Denenmiş tekrar denenmez
Denenmiş tekrar denenmez. Bu aziz vatan topraklarının, atalarımızın mirası olduğu kadar, evlatlarımızın da emaneti olduğu unutulmamalıdır. Türk’ün töresinde vatana ihanetin affı yoktur. İslam’ın şiarında da zalime merhamet, mazluma ihanettir. Biz şehit aileleri ve gaziler olarak ilk açıklama yapıldığı günden bugüne yaklaşık 2,5 ay bekledik. Acaba birileri bizlerin adına çıkar tepki gösterir, bizlerin hakkını savunur mu diye. Ancak gördük ki bugüne kadar hiçbir şahıs, STK veya kurum, kuruluş tepki göstermedi.
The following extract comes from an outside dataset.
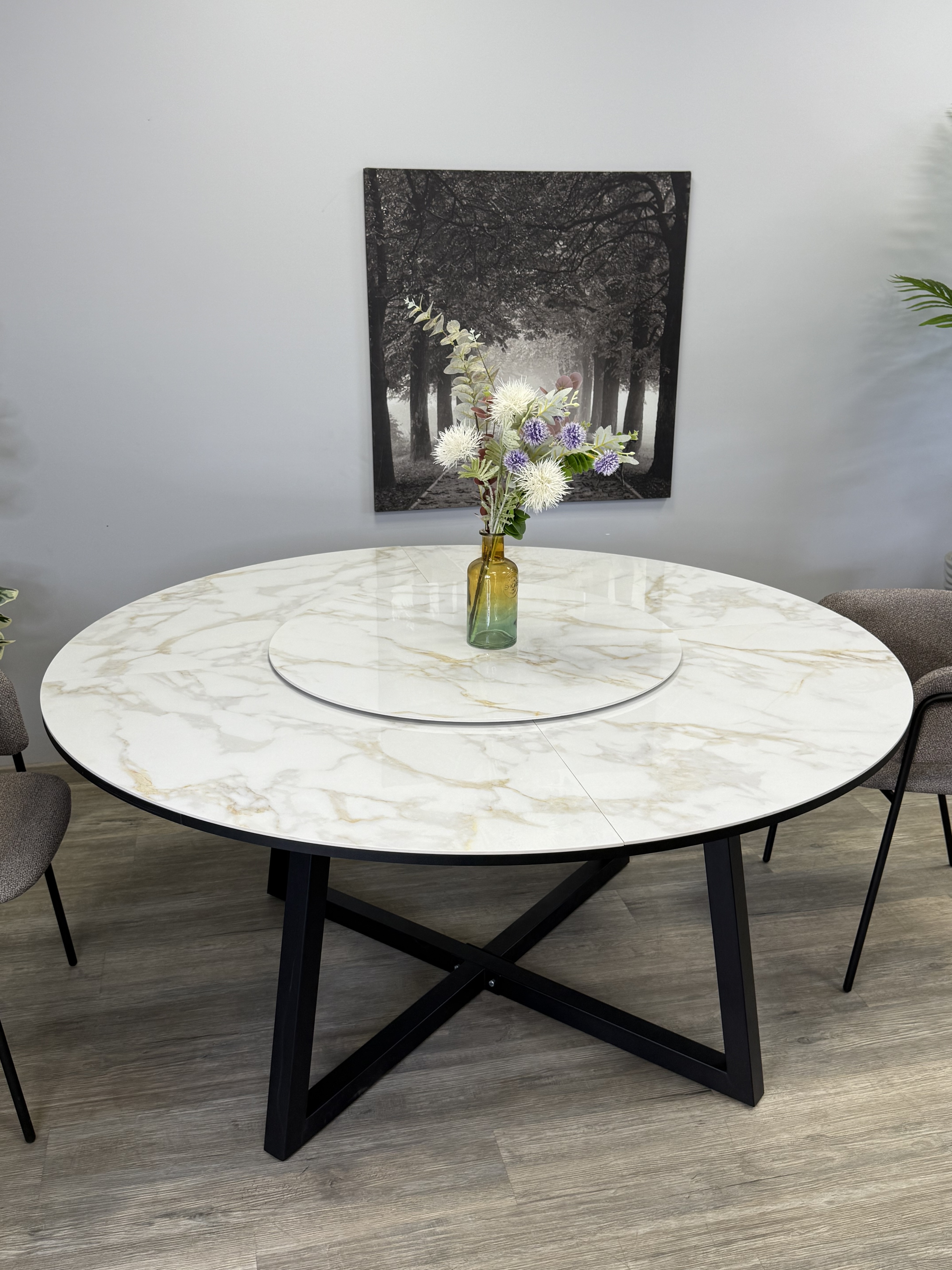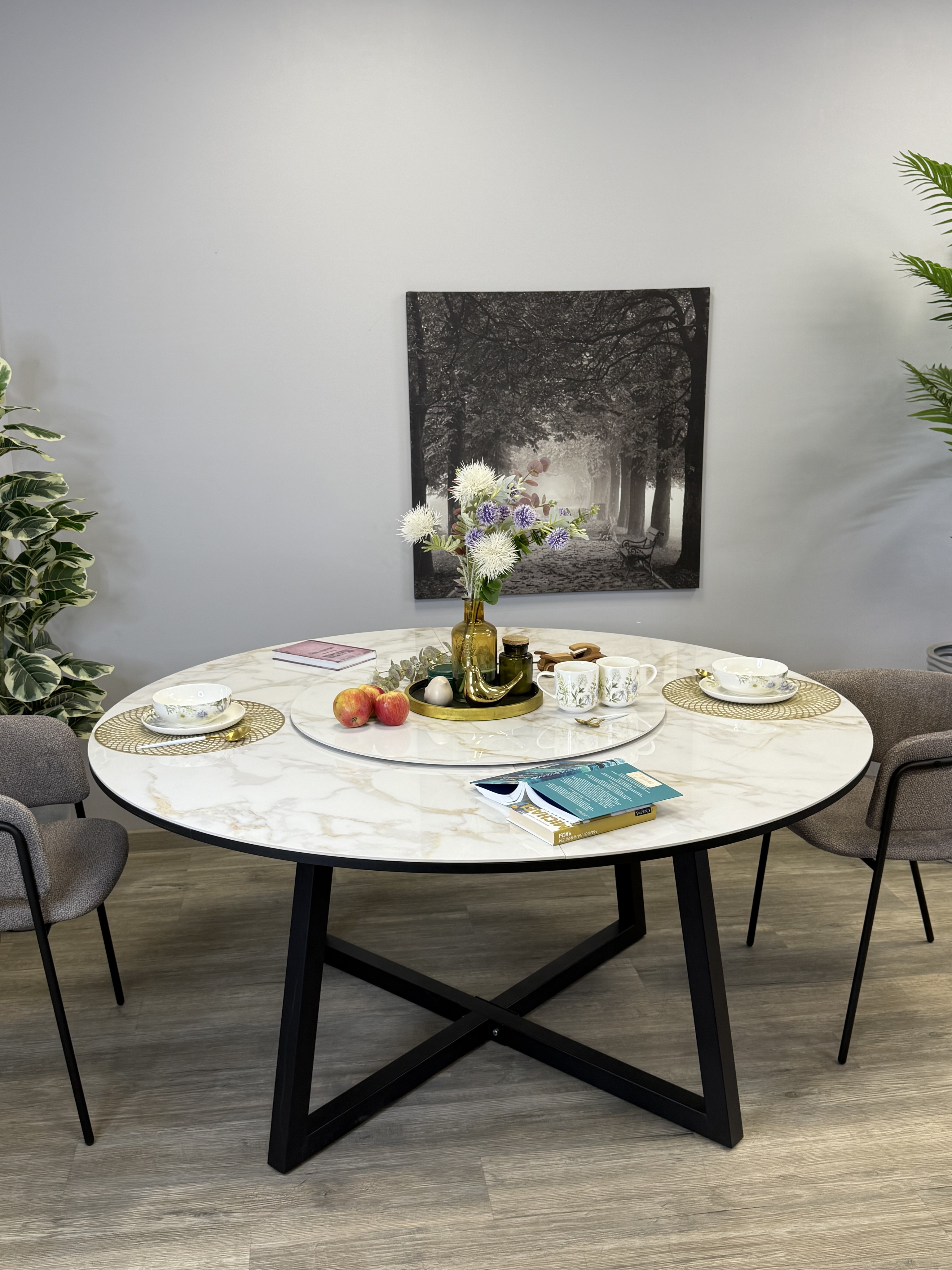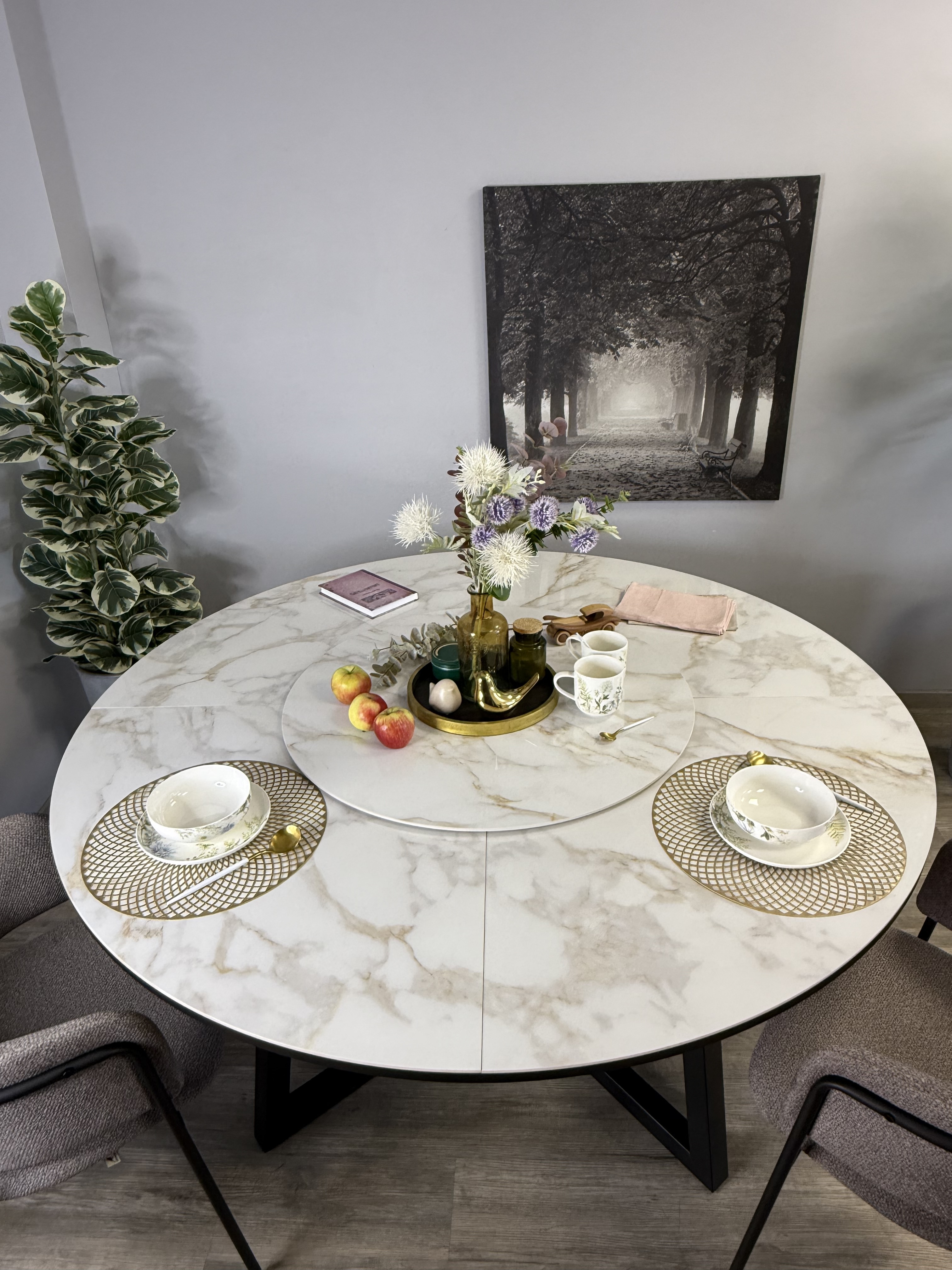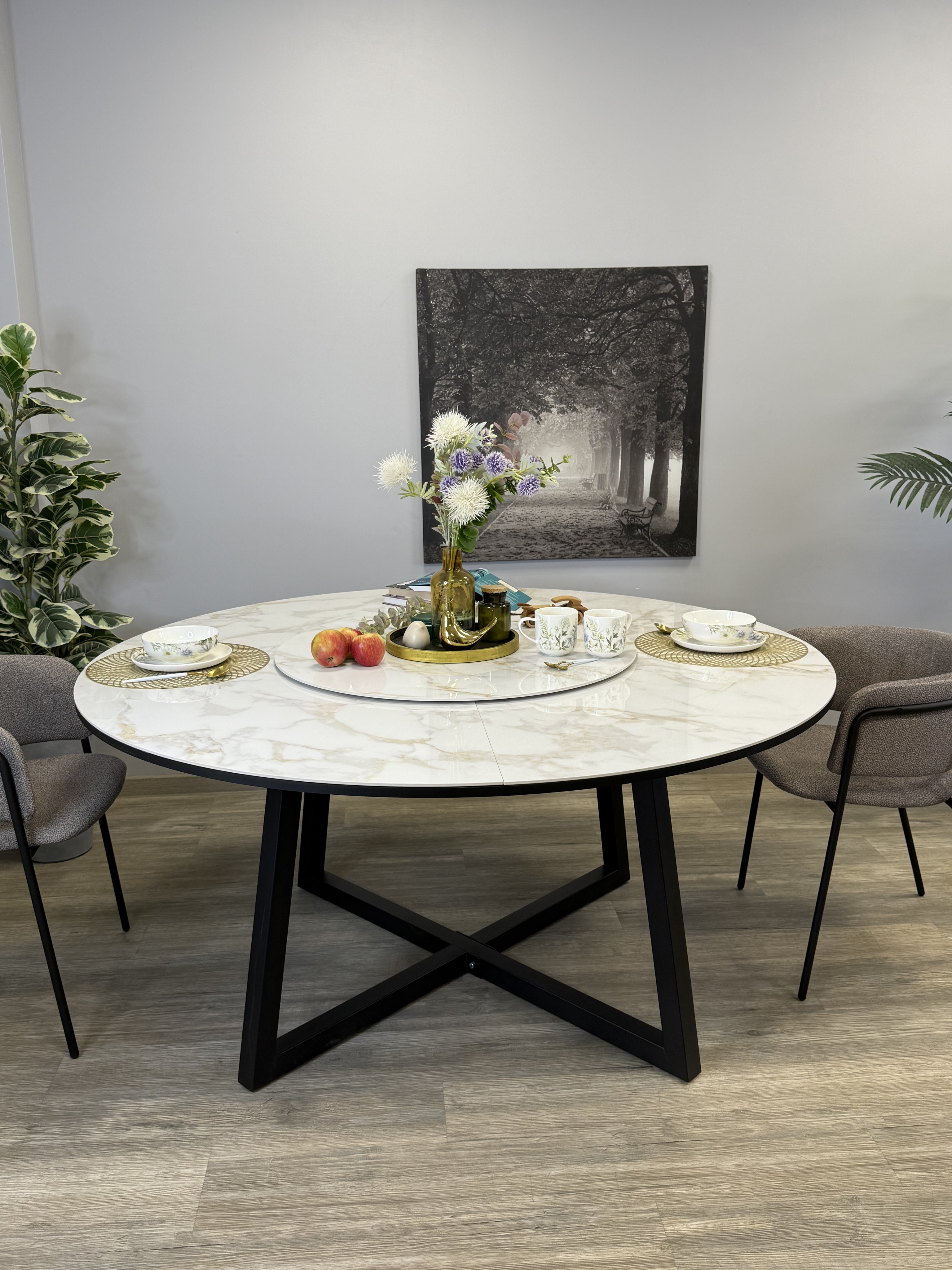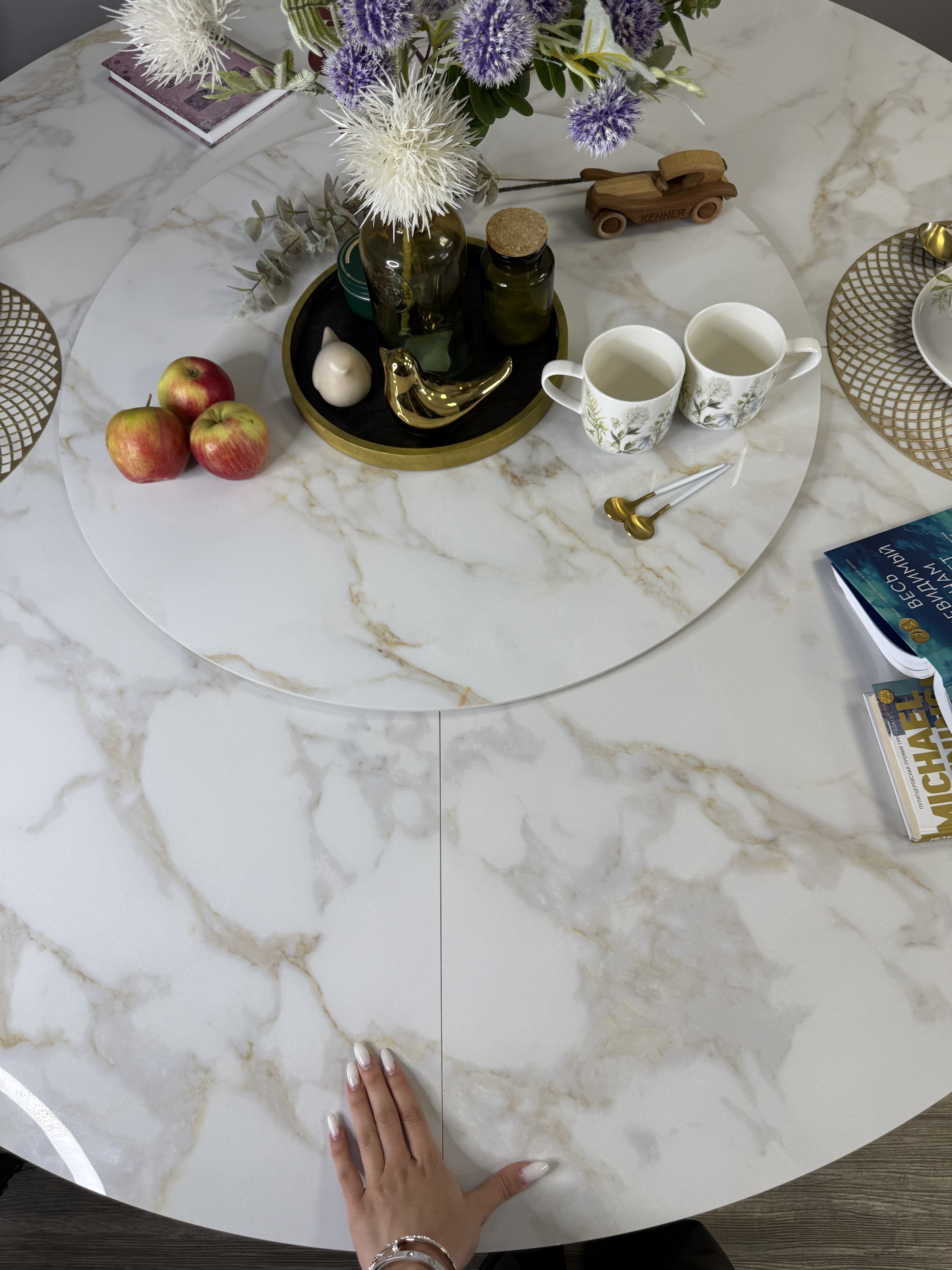 Большая двухсоставная столешница круглой формы, выполненная из высококачественной керамики, обеспечивает повышенную прочность и долговечность. Благодаря устойчивости к механическим повреждениям и термошокам, она идеально подходит для интенсивной эксплуатации.

Veya gösteremedi. Bugün iş yine başa düştü. Acıyı çeken şehit aileleri ve gaziler kendi acılarını yaşarken şehitlerinin hakkını kendileri savunuyor. Sizleri vicdanlarınız ile baş başa bırakıyoruz. Allah sizlere bizim yaşadığımız acıları yaşatmasın. Bugün yaktığımız tepki meşalesini umuyoruz ki bundan sonra sizler devam ettirirsiniz. Bugün yaptığımız bu açıklamayı eleştirecek olanlar olacaktır. Onların gözlerinin içine bakarak soruyorum: Sizin oğlunuz hiç öldü mü? Ölmediyse konuşmayın, susun.
Ne mutlu Türk’üm diyene
Değerli devlet büyüklerimiz, gelin terörü şehit aileleri, gaziler ve aziz Türk milleti ile beraber bitirelim, lav edelim. Biz şehit aileleri ve gazilere de bir söz hakkı verin. Sineyi millete gidelim. Şehitlerimizin katilinin nasıl cezalandırılacağına şehit ailelerimiz karar versin. Dinimizde de bu kısastır. Anneler affederse salıverin. Affetmez, asılsın derlerse asılsın. Terörle müzakere edilmez, mücadele edilir. Tarihi tekrar tekerrür ettirmeyin. Çünkü her deneme sonucunda canı yanan, acıları tazelenen bizler oluyoruz.
Atamızın izinde, şehitlerimizin ışığında bizlere bıraktıkları emanetlere sonsuza kadar sahip çıkacağımıza, yüce Türk milletinin mutluluğu, vatanımızın bütünlüğü ve bağımsızlığı için ölüme koşacağımıza söz veriyoruz. Örneğimizi aziz şehitlerimizden, gücümüzü Türk ulusundan alacağız. İnançlı, bilinçli ve kararlıyız. Türk bayrağı ebediyen yükseklerde dalgalanacak, Türk vatanı sonsuza kadar hür ve bağımsız kalacaktır.
Ne mutlu vatanı için şehit olanlara! Ne mutlu Türk’üm diyene! Ruhları şad olsun.